OCR via PDF and Acrobat Professional, and using OneNote
I have looked at some of the open source options for OCR, with a particular focus on text coming off my typewriter, a 1969 Olivetti Dora (though not with the ‘techno pica’ typeface that some of them have). Here I use the same test image as I used on the open source test — a 600dpi scan of some pretty scrappy typing on some pretty scrappy paper — and check out a couple of options on Windows. This is not even pretending to be exhaustive; I am looking at things that are commonly available (though, unlike the Linux options, not free).
I used a 600dpi version of the image here and extracted text using two methods, Adobe Acrobat Pro XI and Microsoft OneNote 2010, since they are bits of software I have access to. For the Acrobat approach I used CutePDF to print the original TIFF image to a PDF file from Windows default viewing application, Photo Viewer. Whenever I had a ‘resolution’ box to click in, I chose the biggest value available.
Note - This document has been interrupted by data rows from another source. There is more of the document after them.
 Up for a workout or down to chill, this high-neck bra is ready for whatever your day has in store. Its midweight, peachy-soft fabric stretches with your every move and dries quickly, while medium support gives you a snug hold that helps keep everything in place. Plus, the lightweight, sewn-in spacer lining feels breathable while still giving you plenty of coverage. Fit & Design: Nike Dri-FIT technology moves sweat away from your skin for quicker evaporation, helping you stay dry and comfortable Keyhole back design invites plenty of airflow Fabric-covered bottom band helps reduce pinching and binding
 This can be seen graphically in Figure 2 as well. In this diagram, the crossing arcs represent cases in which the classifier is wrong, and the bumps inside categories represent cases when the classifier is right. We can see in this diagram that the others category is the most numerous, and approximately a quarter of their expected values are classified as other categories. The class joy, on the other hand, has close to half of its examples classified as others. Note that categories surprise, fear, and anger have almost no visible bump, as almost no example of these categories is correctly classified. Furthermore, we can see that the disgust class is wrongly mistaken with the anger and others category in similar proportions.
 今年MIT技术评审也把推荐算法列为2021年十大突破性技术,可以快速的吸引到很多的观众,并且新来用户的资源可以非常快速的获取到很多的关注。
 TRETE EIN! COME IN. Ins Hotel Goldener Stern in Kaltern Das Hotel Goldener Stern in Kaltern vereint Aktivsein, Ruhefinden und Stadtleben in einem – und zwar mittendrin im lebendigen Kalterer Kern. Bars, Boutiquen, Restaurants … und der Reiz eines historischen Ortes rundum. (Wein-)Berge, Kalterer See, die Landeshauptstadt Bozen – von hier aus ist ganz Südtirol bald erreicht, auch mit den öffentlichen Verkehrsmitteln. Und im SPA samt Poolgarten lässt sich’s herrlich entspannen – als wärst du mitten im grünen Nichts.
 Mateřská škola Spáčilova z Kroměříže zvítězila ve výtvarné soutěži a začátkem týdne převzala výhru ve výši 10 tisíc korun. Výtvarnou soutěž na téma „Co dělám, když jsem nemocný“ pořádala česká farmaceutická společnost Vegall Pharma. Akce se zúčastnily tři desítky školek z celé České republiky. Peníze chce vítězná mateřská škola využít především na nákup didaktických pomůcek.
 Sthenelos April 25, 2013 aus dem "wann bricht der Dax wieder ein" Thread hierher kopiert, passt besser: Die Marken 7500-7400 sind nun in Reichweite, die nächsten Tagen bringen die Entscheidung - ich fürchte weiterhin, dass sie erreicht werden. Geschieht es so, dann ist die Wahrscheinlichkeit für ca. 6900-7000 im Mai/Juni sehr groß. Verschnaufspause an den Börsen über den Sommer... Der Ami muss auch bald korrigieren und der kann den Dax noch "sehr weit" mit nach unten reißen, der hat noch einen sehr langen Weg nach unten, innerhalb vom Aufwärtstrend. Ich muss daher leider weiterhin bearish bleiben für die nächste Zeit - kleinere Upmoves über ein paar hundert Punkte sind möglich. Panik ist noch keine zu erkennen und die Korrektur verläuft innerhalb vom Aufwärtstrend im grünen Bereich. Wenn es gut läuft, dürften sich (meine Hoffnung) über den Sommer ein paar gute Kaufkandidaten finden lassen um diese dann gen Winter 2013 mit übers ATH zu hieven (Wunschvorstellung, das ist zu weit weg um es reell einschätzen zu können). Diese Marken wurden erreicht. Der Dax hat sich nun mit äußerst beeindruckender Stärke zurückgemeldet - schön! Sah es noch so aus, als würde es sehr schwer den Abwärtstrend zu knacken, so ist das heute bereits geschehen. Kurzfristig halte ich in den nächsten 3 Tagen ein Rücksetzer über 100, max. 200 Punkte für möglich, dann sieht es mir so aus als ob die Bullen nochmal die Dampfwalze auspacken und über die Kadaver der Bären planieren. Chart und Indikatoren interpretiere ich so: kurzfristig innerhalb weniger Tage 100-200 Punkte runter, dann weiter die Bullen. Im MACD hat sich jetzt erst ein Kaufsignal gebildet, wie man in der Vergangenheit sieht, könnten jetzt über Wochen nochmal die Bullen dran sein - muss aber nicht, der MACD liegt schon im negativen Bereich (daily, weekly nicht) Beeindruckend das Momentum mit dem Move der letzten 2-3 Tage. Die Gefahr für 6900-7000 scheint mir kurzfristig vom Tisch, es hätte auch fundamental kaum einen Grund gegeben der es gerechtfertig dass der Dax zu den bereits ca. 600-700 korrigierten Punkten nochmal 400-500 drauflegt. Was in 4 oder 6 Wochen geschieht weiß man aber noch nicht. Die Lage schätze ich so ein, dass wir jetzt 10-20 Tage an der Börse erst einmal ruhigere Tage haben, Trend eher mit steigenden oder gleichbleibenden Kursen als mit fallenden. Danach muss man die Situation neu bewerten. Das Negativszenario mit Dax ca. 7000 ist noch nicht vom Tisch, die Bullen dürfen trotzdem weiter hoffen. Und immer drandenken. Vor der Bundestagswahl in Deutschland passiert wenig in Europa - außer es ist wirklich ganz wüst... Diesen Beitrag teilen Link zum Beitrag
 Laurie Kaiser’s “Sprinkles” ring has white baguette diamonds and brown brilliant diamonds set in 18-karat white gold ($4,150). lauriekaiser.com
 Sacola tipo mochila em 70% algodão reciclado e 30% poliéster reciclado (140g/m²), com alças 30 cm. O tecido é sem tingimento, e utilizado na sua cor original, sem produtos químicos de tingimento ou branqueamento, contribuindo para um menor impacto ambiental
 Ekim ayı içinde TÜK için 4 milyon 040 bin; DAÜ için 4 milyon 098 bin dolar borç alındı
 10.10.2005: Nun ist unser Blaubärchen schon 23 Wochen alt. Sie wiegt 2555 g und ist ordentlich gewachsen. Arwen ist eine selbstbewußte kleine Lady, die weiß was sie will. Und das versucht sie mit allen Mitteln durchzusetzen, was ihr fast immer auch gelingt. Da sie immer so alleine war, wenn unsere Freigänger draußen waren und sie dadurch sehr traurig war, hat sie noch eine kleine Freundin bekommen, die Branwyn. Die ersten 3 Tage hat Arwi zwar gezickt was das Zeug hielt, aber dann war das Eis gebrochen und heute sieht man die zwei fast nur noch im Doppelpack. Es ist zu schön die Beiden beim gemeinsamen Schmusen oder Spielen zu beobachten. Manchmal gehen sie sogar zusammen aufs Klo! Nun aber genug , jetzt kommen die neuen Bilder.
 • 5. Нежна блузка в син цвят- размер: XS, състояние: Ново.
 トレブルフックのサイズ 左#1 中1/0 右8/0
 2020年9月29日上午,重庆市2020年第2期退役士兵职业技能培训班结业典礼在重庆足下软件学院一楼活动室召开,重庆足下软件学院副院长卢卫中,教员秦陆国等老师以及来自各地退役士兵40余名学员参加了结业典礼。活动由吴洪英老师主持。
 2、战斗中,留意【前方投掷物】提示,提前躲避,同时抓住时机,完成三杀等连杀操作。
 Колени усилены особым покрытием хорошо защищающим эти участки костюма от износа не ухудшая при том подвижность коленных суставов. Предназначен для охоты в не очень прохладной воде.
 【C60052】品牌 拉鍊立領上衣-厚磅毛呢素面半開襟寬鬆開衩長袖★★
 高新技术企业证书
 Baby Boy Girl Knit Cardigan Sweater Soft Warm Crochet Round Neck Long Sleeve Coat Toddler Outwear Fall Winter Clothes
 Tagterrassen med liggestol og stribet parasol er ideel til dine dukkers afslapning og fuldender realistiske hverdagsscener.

For the OneNote approach, I opened the TIFF in Windows Paint and saved as PNG.
(A) Acrobat Pro XI
(1) Opened the PDF in Acrobat XI Pro.
(2) View –> Tools –> Text recognition
(3) Selected ‘In This File’
(4) Followed the instructions in this tutorial.
(5) ‘Select All’, ‘Copy’ and then pasted into this blog, and here it is:
·ha t i s the typeface? Olivetti Dora~ qwert_yuiop The- quick brown f ox --_ju... m ped over the l·~:iz.Y dog. i ii ·iii. iv v . . . . I" 12 34567896 •• • , semi ; full: pound£ Who£? 2/3 4+3~1 6+ 3=2 7-5=2 ~+~ =l ~~ ! ~ ~- ( no) ' yes" 56% d.goo ssens@adfa. edu a,u $2.34 Underline Days & Nigbt.s 8 or ' eight'. (Parens) . ABCD~FG1fI J KLMNO P RSTUVWXYZ abcdefg.b,i jkl, mnopqrst, uv xyz Well, I .think that's all the c hBrac ters . Make an exclamation - - - mark by holdi!lg down space bar ,and typ 1 .ng aJpostroplie and a s t " p . - like th.is ! and use lovver case 111' f or un ity. C~olo on to .1:- of ·hyphen give s u s a divide sign. Equa.l and slash /= doe s f. give a not equals. Can ·slash a zero. ¢ + ~ · x ~ == l · ,ti. j.. . - It -does have a zero (0) and a capital oh (0) and they are pretty similar ~- 00 (superimposed 0 -- identical, F'd say. No greater than/ less than. No caret. 3l x and - gi v e s a . sort of ~sterisk. No ver tical bar beyond l. Nd hash. No curly brace . o ~- square bra-cks. · No b a.ckslash. '1• ·, ... _. l :· .bi.t s ticky. What's t .he right oil ? f r£9uihjghbnvhgg·fcvcbf grt :it ... ,..;. .. · .. ~- 7 · ((;;7 ;.:1 T f.1 v o 1 J m v m 1 j -;.n ·m v 1 J l J i J 1 J 1] 1 ] l 11 J 1 J 1 l 1 J 1 J 1 J 1 J 1 J i J i J 1 J 1 l 1 J 1 J i ) 1 ] 1 J i J 1 J 1 J i J i 11 J i J l ] 1 J 1 J i J i ] , ) 1l1L1
(6) Unimpressed. Then rather than cut and paste I saved the PDF as an RTF file and opened the RTF in Word. Here is a screen grab:
(7) It does not come close to what tesseract could do, and tesseract did it with a one-line command line command, making it highly scriptable and flexible.
(B) OneNote 2010
(1) Pretty simple. Dragged and dropped the PNG version of the scanned image image onto OneNote.
(2) Right clicked on the image and selected ‘Copy Text from Picture’ from the popup menu.
(3) Went to Micro$oft word an hit ‘Paste’
(4) Was impressed. Here is the screen grab, again from Word:
For what it is worth, here is the OneNote screen, after right-clicking on the image:
OneNote and tesseract made similar, and small, numbers of errors, and both resulted in a extracted text which was quite usable. None of the other options considered here produced results that I would consider usable.
Caveats: I made no effort to optimise the scanned image, or to use particularly clean copy on pristine paper with a dark ribbon — intentionally, since I want an option that is robust. I know there are many more software packages out there I could have tried. I did not take the time to fiddle with any parameters in the OCR programs I did use. I did not explore dedicated OCR options on Windows.
For me, since it it free, scriptable and open source, tesseract wins.